Os falsos especialistas também propagam acusações que desacreditam o trabalho de cientistas sérios.

Foi o que aconteceu com o renomado epidemiologista norte-americano Stanton Glantz, da Universidade da Califórnia, nos Estados Unidos, que por expor as estratégias da indústria do tabaco para viciar as pessoas tornou-se alvo frequente de difamadores, que o classificaram como o mais notável integrante “da gangue de vigaristas [epidemiologistas]” e a epidemiologia, como “junk science”.

Por fim, temos a tática conspiracionista que prega que a validação da ciência não seria o resultado do consenso entre pares com base em evidências científicas, mas sim do envolvimento destes em uma conspiração complexa e secreta.

Logo no início da pandemia, em 2020, conspiracionistas inundaram as redes sociais com a tese de que o vírus Sars-CoV-2 teria sido produzido em laboratório pelo governo comunista chinês para destruir o Ocidente capitalista.

Já a desinformação é a tentativa deliberada (e frequentemente orquestrada) de confundir ou manipular pessoas por meio de informações desonestas, intencionalmente produzidas e disseminadas para causar prejuízos.

Seu par é a misinformação (neologismo do inglês misinformation), que trata do compartilhamento de informação falsa, enganosa, equivocada ou incorreta, mas sem intenção de prejudicar.

Histórias que “bagunçam” os sistemas de saúde

Já as fake news são definidas como agentes de desinformação propositalmente criadas e disseminadas com o intuito de prejudicar e influenciar pessoas, cuja principal característica é simular a estrutura discursiva e os formatos documentais e jornalísticos.

Talvez o fenômeno mais conhecido seja seu uso com fins político-ideológicos, abarcando uma infinidade de textos e contextos.

São histórias falsas, muitas vezes sensacionalistas, criadas para amplo compartilhamento on-line e com objetivo de gerar receitas publicitárias por meio do tráfego internético, em geral para desacreditar figuras públicas, movimentos políticos e sociais, sabotar empresas.

Por mais absurdos ou risíveis que possam parecer,esses discursos nunca são inocentes, desinteressados, inconsequentes. Potencialmente, têm consequências graves para as sociedades.

No caso da covid-19, estudos nacionais e internacionais já demonstraram como eles “bagunçaram” os sistemas de saúde, sobrecarregando-os, desarticulando-os e, por fim, contribuindo para a morte de pessoas.

Assim, o que está em jogo nesses fenômenos, de modo geral e na saúde, em particular, é a tensão entre a confiança e a desconfiança na política, na ciência e no Estado, em direção a uma experiência construída pessoal e intimamente. Por seu potencial em colocar em risco a saúde e a vida das pessoas e das populações, é imperioso combatê-los.
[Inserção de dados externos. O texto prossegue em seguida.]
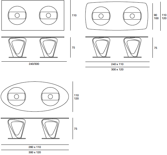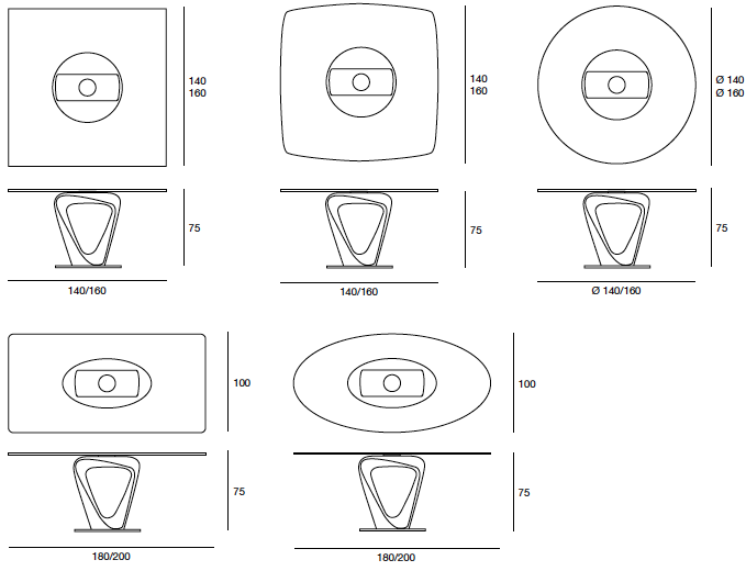 Il tavolo Mobius ha una struttura insolita e piacevole, il design lascia libertà all’immaginazione: è dinamico, è rotondo, quadrato, rettangolare, ovale ed a botte.
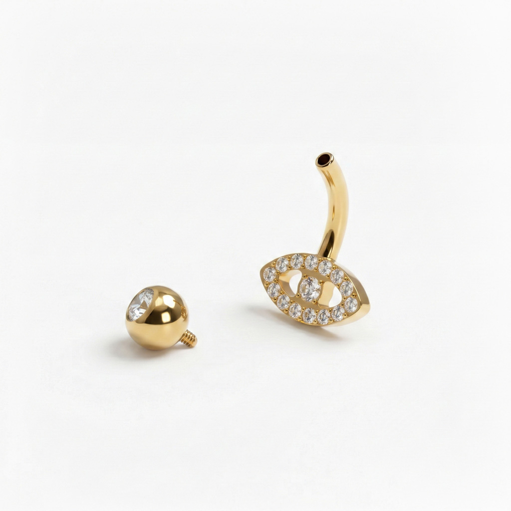 Questa barra per ombelico in titanio con occhio portafortuna dà un tocco simbolico al tuo look. Il motivo dell'occhio, posizionato al centro, è rifinito con piccole pietre che ne delineano i contorni. È espressivo senza esagerare, comodo da indossare e si adatta perfettamente alle giornate più casual che a quelle più sofisticate. Disponibile nei colori oro e grigio argento.
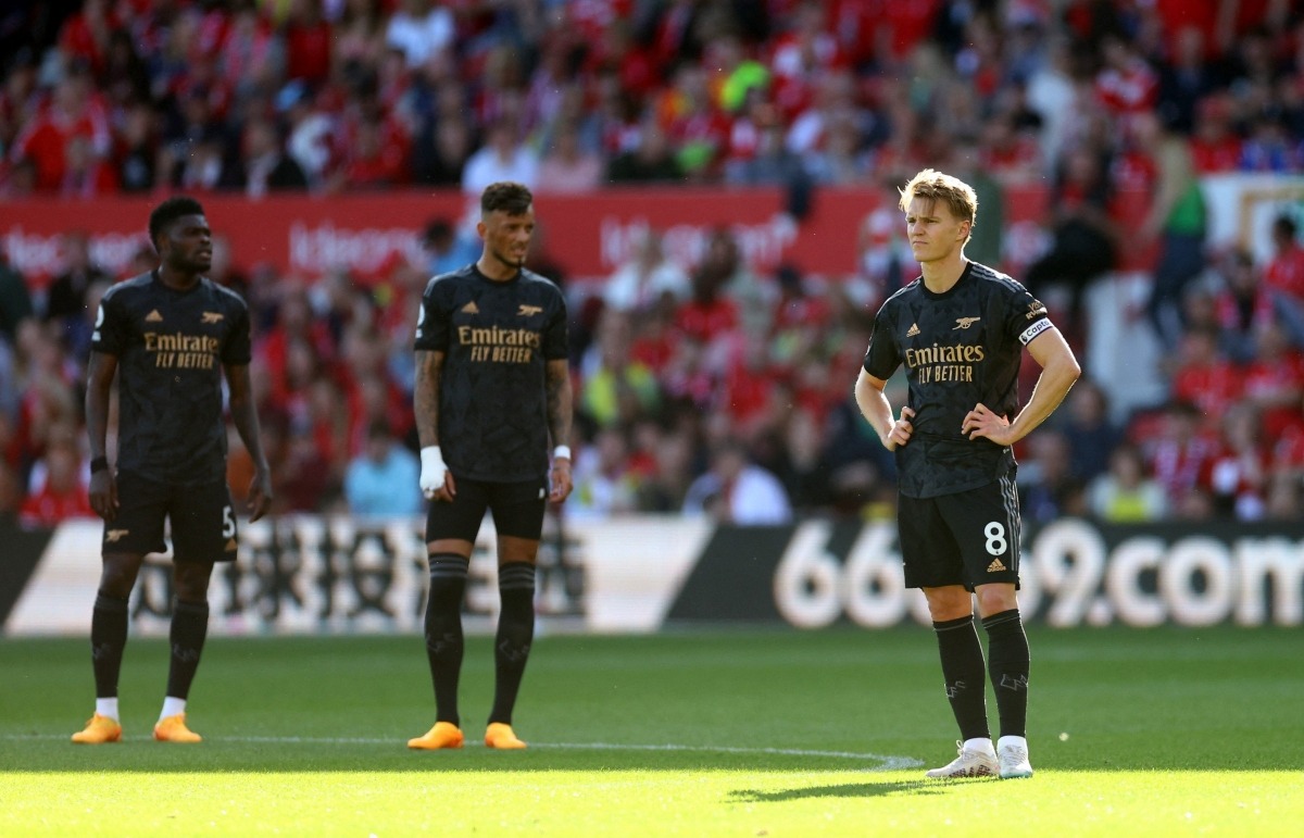 Được đánh giá cao hơn đội chủ nhà, đoàn quân của HLV Mikel Arteta nhanh chóng chiếm quyền kiểm soát thế trận. Dù vậy, đội khách lại bất ngờ để thủng lưới trước. Phút thứ 19, Odegaard bất cẩn chuyền bóng thẳng vào chân Gibbs-White giúp Nottingham Forest có cơ hội phản công. Awoniyi sau đó nhận bóng và ghi bàn mở tỷ số cho đội chủ sân City Ground.
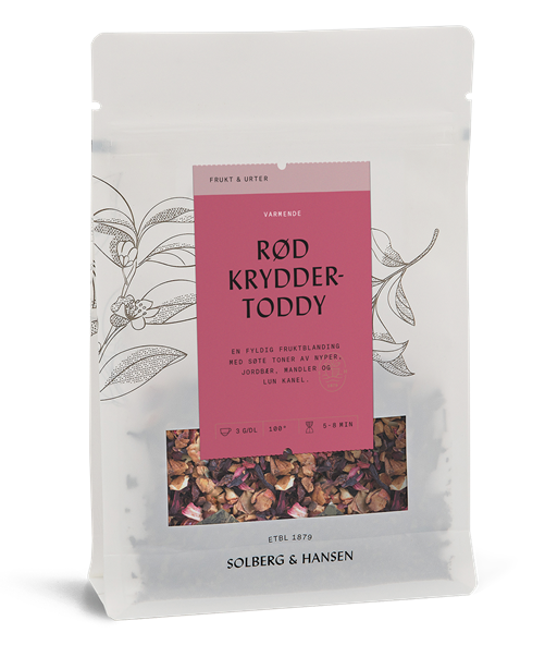 Ingredienser: eplebiter, hibiskus, nypeskall, kanel, aroma, mandelbiter, nellik. Allergener: mandler. Kan inneholde spor av andre nøtter.
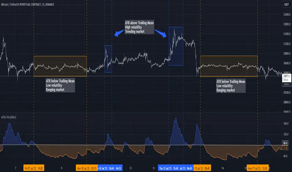- Comparing Volatility Between Assets: Since ATR uses absolute values, it shouldn't be used to compare volatility between different assets, as assets with higher prices will consistently have higher ATR values, while assets with lower prices will consistently have lower ATR values. However, the addition of a trailing mean makes such a comparison possible. An asset whose ATR is consistently close to its ATR Trailing Mean will have a lower volatility than an asset whose ATR continuously moves far above and below its ATR Trailing Mean. This can help traders and investors decide which markets to trade based on their risk tolerance and trading strategies.
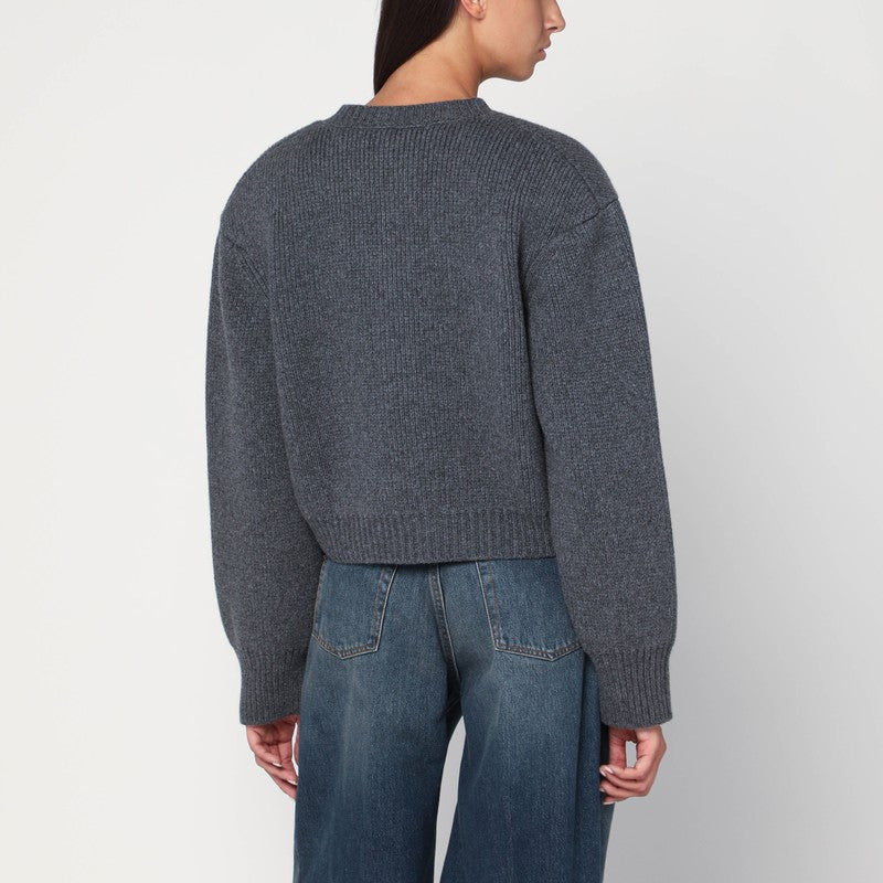 Short crew-neck cardigan by Róhe in grey wool, featuring a front button closure, long sleeves, dropped shoulders, and ribbed edges.
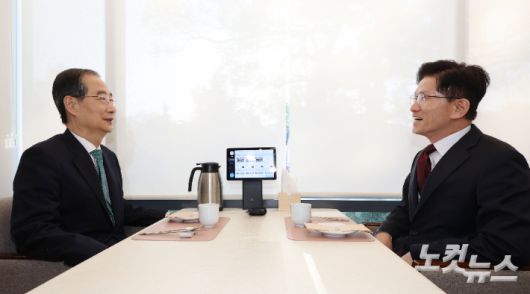 국민의힘 김문수 대선후보와 무소속 한덕수 대선 예비후보가 7일 서울 종로구의 한 식당에서 후보 단일화와 관련해 회동하고 있다. 류영주 기자 |
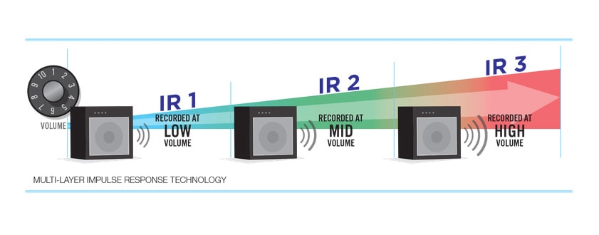 従来の一般的なIRは、スピーカー・キャビネットの特性を捉えるために、単一のインパルス応答が使用されています。ZOOMの革新的な「マルチレイヤーIR」テクノロジーでは、LOUD / MEDIUM / SOFTの異なる音量で取り込まれた3 つのインパルス応答を採用。3つのIRはベースの音量やピッキングの強弱に応じて動的にブレンドされ、現実のキャビネット同様の反応で、これまでとは別次元の忠実かつ有機的な響きを生み出します。

Cláudia Malinverni é graduada em comunicação social, mestre e doutora em ciências pela Faculdade de Saúde Pública da Universidade de São Paulo (USP), diretora do Centro de Pesquisa e Desenvolvimento para o SUS-SP e coordenadora do Programa de Pós-Graduação em Saúde Coletiva do Instituto de Saúde.

Originalmente publicado em Science Arena.